Goal of the exercise:
A verbatim copy of all the data is required, minus any images.

------------------------------------------------

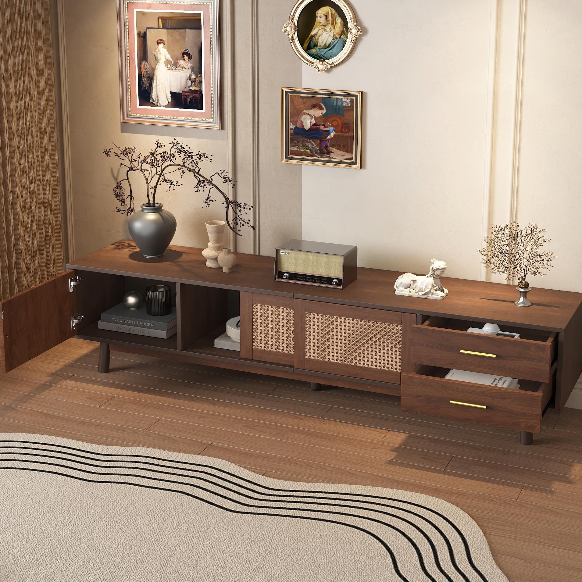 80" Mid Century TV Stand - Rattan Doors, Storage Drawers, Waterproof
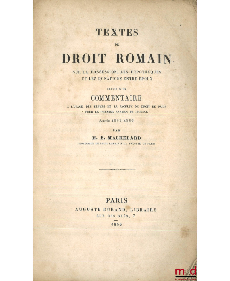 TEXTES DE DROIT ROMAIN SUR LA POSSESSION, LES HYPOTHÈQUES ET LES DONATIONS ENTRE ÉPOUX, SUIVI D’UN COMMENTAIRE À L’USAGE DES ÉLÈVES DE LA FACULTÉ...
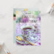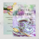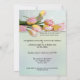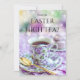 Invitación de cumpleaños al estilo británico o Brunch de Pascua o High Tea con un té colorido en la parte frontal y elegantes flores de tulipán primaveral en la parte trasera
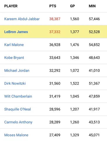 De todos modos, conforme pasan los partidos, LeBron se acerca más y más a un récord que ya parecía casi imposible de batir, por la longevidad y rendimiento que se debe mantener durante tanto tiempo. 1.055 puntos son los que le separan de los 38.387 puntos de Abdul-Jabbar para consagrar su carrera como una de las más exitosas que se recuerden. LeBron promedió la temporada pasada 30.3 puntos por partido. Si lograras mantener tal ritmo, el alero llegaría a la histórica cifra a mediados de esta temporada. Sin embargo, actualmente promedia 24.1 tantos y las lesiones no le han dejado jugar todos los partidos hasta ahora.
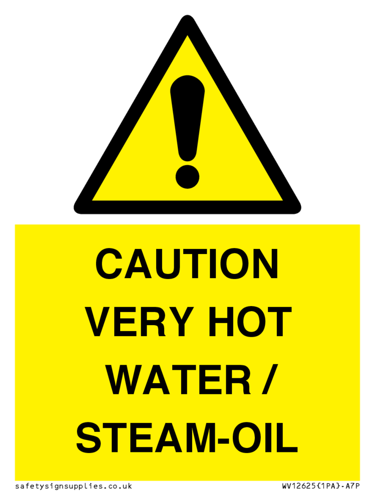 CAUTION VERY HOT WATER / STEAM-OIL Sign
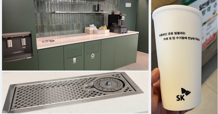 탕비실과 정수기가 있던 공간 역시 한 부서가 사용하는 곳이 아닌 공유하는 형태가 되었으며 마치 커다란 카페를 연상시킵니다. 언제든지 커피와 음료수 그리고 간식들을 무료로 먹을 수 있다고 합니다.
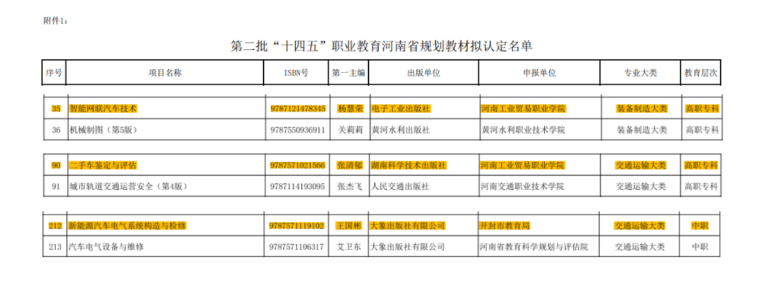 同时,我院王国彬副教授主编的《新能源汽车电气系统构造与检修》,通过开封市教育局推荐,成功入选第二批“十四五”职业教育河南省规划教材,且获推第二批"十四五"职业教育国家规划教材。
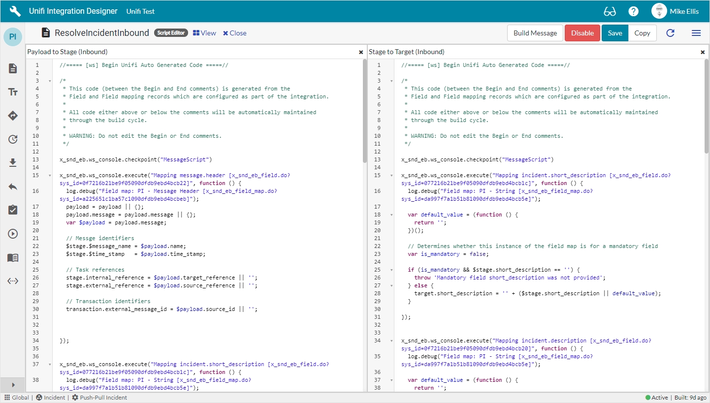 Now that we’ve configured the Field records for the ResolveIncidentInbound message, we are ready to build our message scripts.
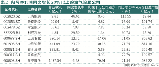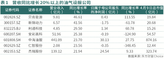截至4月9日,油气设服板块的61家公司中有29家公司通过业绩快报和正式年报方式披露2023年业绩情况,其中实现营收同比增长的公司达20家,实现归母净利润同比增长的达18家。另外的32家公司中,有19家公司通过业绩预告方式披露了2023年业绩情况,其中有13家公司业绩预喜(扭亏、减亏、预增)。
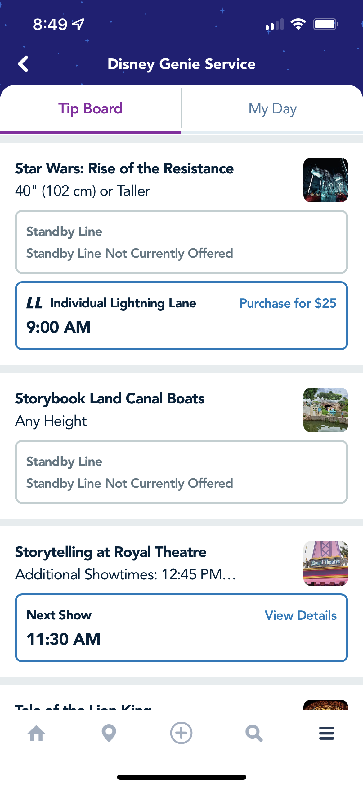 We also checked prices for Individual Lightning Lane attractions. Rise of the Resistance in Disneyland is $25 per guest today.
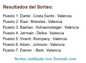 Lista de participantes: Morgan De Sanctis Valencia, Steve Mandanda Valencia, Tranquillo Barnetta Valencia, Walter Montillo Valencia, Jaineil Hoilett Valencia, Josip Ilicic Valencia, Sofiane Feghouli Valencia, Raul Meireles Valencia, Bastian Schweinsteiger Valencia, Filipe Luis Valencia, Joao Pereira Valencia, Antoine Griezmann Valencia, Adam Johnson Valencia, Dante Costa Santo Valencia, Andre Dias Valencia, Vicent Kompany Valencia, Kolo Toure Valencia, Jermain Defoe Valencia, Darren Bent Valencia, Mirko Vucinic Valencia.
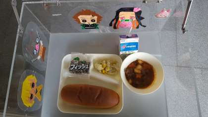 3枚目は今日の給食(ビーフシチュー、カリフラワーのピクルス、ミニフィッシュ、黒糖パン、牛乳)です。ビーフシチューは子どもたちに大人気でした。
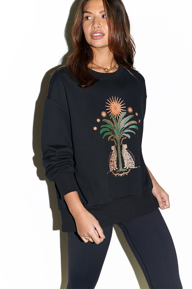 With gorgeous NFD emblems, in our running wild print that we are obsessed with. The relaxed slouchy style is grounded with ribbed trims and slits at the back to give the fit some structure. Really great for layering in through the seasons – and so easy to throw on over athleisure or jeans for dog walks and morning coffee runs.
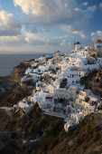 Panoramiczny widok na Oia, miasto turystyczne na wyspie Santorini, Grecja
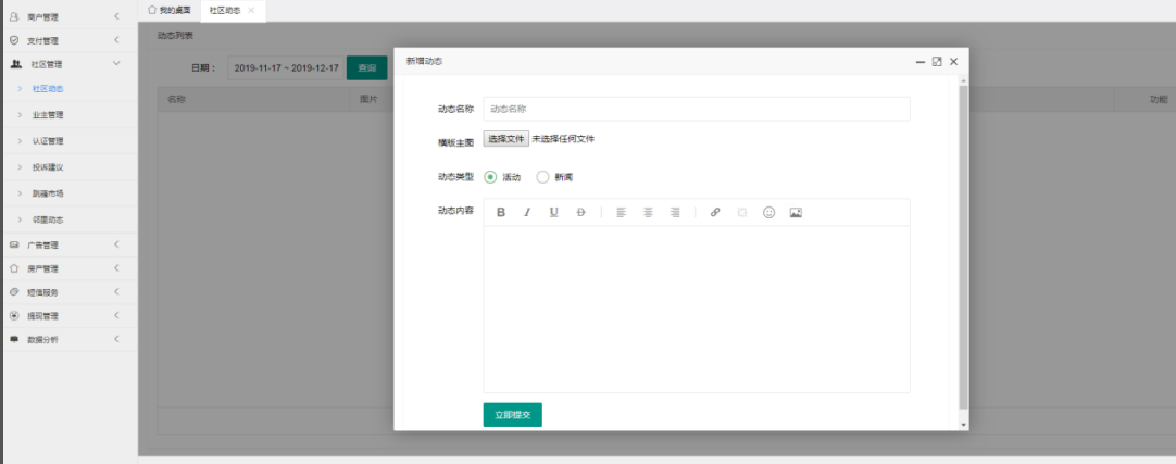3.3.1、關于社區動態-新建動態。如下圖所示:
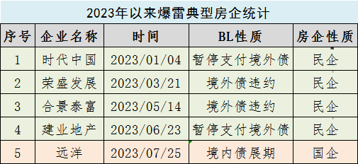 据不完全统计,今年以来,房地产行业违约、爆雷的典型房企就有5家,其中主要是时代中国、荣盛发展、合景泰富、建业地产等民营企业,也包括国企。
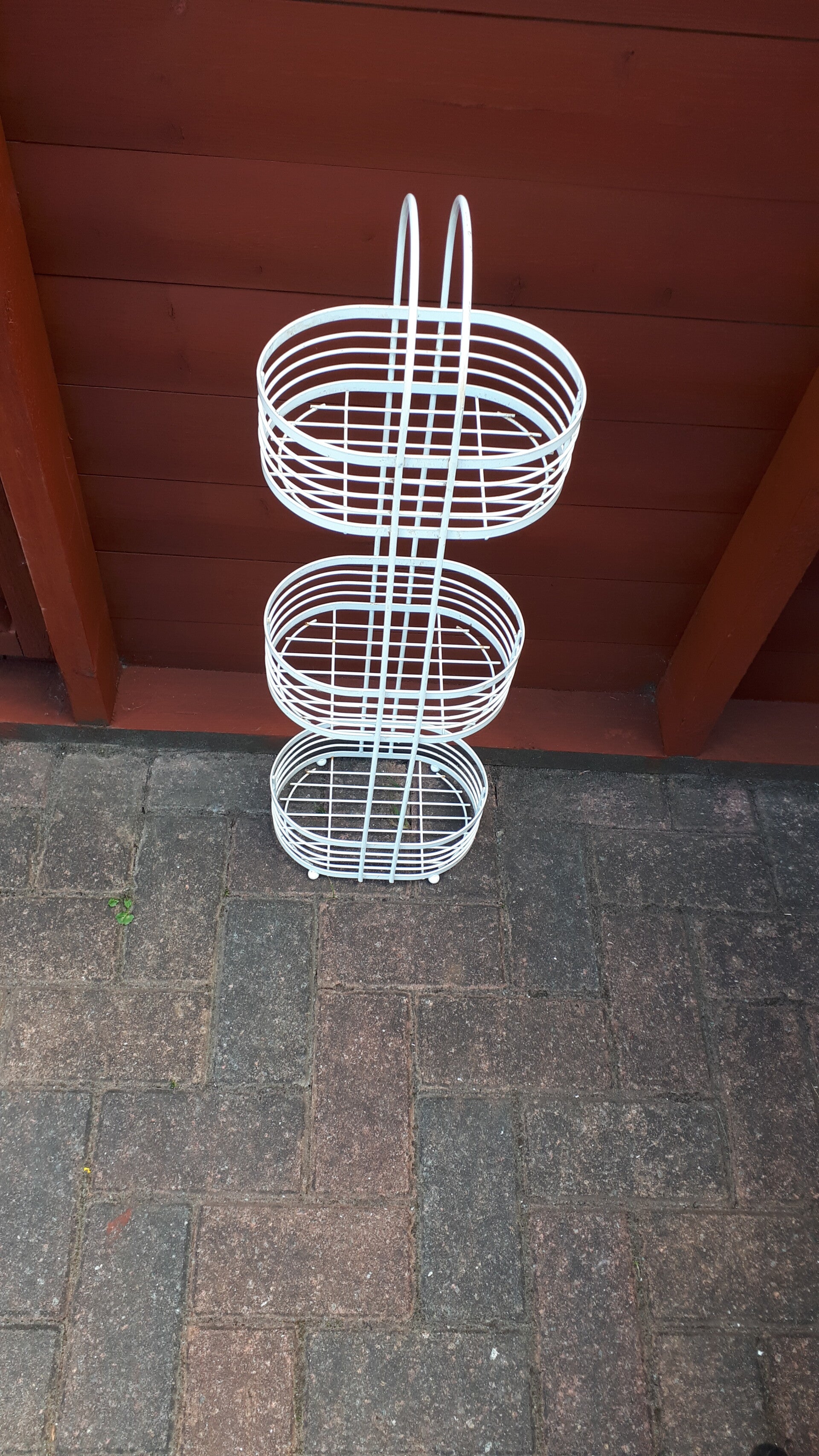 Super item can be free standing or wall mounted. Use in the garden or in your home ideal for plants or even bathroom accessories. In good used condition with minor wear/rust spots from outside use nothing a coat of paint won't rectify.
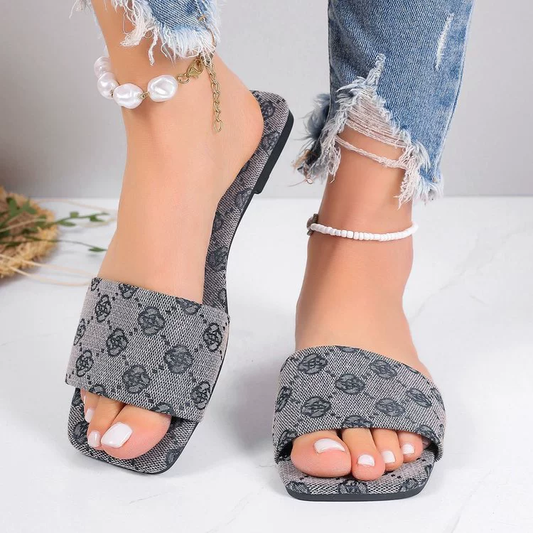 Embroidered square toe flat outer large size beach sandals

------------------------------------------------

Solution for this task:
 80" Mid Century TV Stand - Rattan Doors, Storage Drawers, Waterproof
 TEXTES DE DROIT ROMAIN SUR LA POSSESSION, LES HYPOTHÈQUES ET LES DONATIONS ENTRE ÉPOUX, SUIVI D’UN COMMENTAIRE À L’USAGE DES ÉLÈVES DE LA FACULTÉ...
 Invitación de cumpleaños al estilo británico o Brunch de Pascua o High Tea con un té colorido en la parte frontal y elegantes flores de tulipán primaveral en la parte trasera
 De todos modos, conforme pasan los partidos, LeBron se acerca más y más a un récord que ya parecía casi imposible de batir, por la longevidad y rendimiento que se debe mantener durante tanto tiempo. 1.055 puntos son los que le separan de los 38.387 puntos de Abdul-Jabbar para consagrar su carrera como una de las más exitosas que se recuerden. LeBron promedió la temporada pasada 30.3 puntos por partido. Si lograras mantener tal ritmo, el alero llegaría a la histórica cifra a mediados de esta temporada. Sin embargo, actualmente promedia 24.1 tantos y las lesiones no le han dejado jugar todos los partidos hasta ahora.
 CAUTION VERY HOT WATER / STEAM-OIL Sign
 탕비실과 정수기가 있던 공간 역시 한 부서가 사용하는 곳이 아닌 공유하는 형태가 되었으며 마치 커다란 카페를 연상시킵니다. 언제든지 커피와 음료수 그리고 간식들을 무료로 먹을 수 있다고 합니다.
 同时,我院王国彬副教授主编的《新能源汽车电气系统构造与检修》,通过开封市教育局推荐,成功入选第二批“十四五”职业教育河南省规划教材,且获推第二批"十四五"职业教育国家规划教材。
 Now that we’ve configured the Field records for the ResolveIncidentInbound message, we are ready to build our message scripts.
截至4月9日,油气设服板块的61家公司中有29家公司通过业绩快报和正式年报方式披露2023年业绩情况,其中实现营收同比增长的公司达20家,实现归母净利润同比增长的达18家。另外的32家公司中,有19家公司通过业绩预告方式披露了2023年业绩情况,其中有13家公司业绩预喜(扭亏、减亏、预增)。
 We also checked prices for Individual Lightning Lane attractions. Rise of the Resistance in Disneyland is $25 per guest today.
 Lista de participantes: Morgan De Sanctis Valencia, Steve Mandanda Valencia, Tranquillo Barnetta Valencia, Walter Montillo Valencia, Jaineil Hoilett Valencia, Josip Ilicic Valencia, Sofiane Feghouli Valencia, Raul Meireles Valencia, Bastian Schweinsteiger Valencia, Filipe Luis Valencia, Joao Pereira Valencia, Antoine Griezmann Valencia, Adam Johnson Valencia, Dante Costa Santo Valencia, Andre Dias Valencia, Vicent Kompany Valencia, Kolo Toure Valencia, Jermain Defoe Valencia, Darren Bent Valencia, Mirko Vucinic Valencia.
 3枚目は今日の給食(ビーフシチュー、カリフラワーのピクルス、ミニフィッシュ、黒糖パン、牛乳)です。ビーフシチューは子どもたちに大人気でした。
 With gorgeous NFD emblems, in our running wild print that we are obsessed with. The relaxed slouchy style is grounded with ribbed trims and slits at the back to give the fit some structure. Really great for layering in through the seasons – and so easy to throw on over athleisure or jeans for dog walks and morning coffee runs.
 Panoramiczny widok na Oia, miasto turystyczne na wyspie Santorini, Grecja
3.3.1、關于社區動態-新建動態。如下圖所示:
 据不完全统计,今年以来,房地产行业违约、爆雷的典型房企就有5家,其中主要是时代中国、荣盛发展、合景泰富、建业地产等民营企业,也包括国企。
 Super item can be free standing or wall mounted. Use in the garden or in your home ideal for plants or even bathroom accessories. In good used condition with minor wear/rust spots from outside use nothing a coat of paint won't rectify.
 Embroidered square toe flat outer large size beach sandals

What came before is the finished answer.